(Data extracted from a collection)
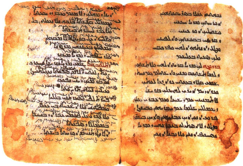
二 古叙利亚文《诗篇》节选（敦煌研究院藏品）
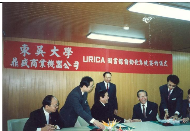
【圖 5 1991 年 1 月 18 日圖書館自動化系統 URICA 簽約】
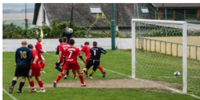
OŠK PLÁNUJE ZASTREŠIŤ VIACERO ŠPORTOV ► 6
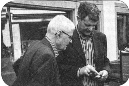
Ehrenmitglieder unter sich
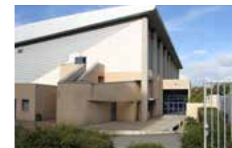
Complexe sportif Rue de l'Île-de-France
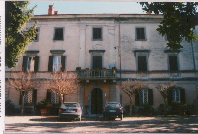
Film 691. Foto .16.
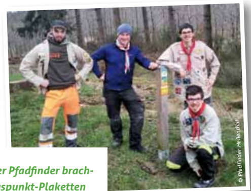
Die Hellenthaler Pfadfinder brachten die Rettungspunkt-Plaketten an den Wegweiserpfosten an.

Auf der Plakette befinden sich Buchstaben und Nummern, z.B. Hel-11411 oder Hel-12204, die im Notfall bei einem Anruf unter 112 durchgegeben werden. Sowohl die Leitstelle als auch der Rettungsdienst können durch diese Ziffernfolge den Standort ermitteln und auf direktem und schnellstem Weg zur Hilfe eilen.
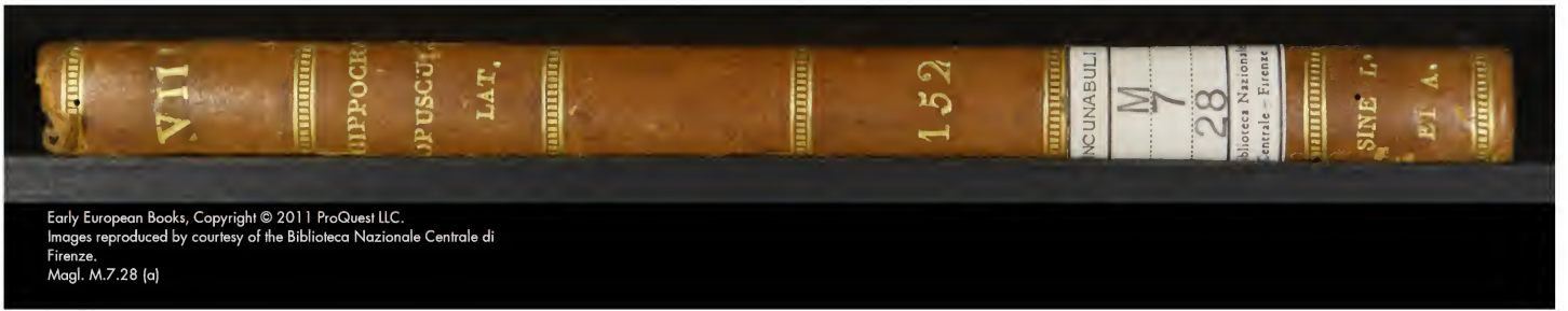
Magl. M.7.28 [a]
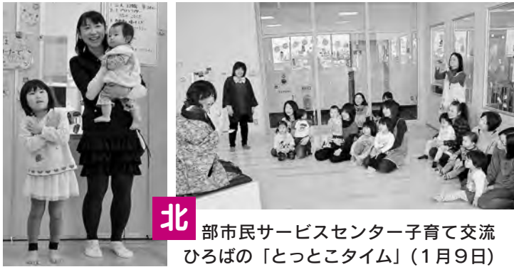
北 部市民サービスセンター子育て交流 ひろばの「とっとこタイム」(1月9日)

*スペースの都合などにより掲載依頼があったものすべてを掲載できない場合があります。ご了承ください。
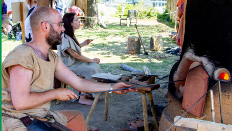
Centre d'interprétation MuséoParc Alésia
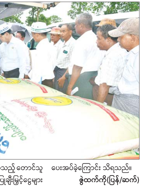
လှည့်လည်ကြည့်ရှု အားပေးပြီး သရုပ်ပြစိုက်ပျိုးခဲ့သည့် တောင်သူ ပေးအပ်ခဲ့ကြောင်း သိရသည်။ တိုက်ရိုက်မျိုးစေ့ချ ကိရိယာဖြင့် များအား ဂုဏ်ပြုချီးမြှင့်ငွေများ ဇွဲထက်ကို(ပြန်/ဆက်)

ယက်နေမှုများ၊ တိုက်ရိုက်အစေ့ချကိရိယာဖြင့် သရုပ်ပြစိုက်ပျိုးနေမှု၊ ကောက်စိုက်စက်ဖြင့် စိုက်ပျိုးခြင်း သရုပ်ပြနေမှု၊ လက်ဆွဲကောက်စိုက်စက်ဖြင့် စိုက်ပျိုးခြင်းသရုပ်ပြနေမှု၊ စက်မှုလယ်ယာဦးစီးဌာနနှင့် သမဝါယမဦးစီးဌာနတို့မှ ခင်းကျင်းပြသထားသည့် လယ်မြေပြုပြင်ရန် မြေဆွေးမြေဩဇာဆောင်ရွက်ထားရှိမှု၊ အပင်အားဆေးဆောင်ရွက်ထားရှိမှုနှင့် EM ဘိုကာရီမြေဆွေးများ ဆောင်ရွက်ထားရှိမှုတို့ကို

* What you should do
Go from the first line of the data above to the line containing "Die Hellenthaler Pfadfinder" and retype exactly those lines, both included, but none of the pictures.

* Solved problem
二 古叙利亚文《诗篇》节选（敦煌研究院藏品）
【圖 5 1991 年 1 月 18 日圖書館自動化系統 URICA 簽約】
OŠK PLÁNUJE ZASTREŠIŤ VIACERO ŠPORTOV ► 6
Ehrenmitglieder unter sich
Complexe sportif Rue de l'Île-de-France
Film 691. Foto .16.
Die Hellenthaler Pfadfinder brachten die Rettungspunkt-Plaketten an den Wegweiserpfosten an.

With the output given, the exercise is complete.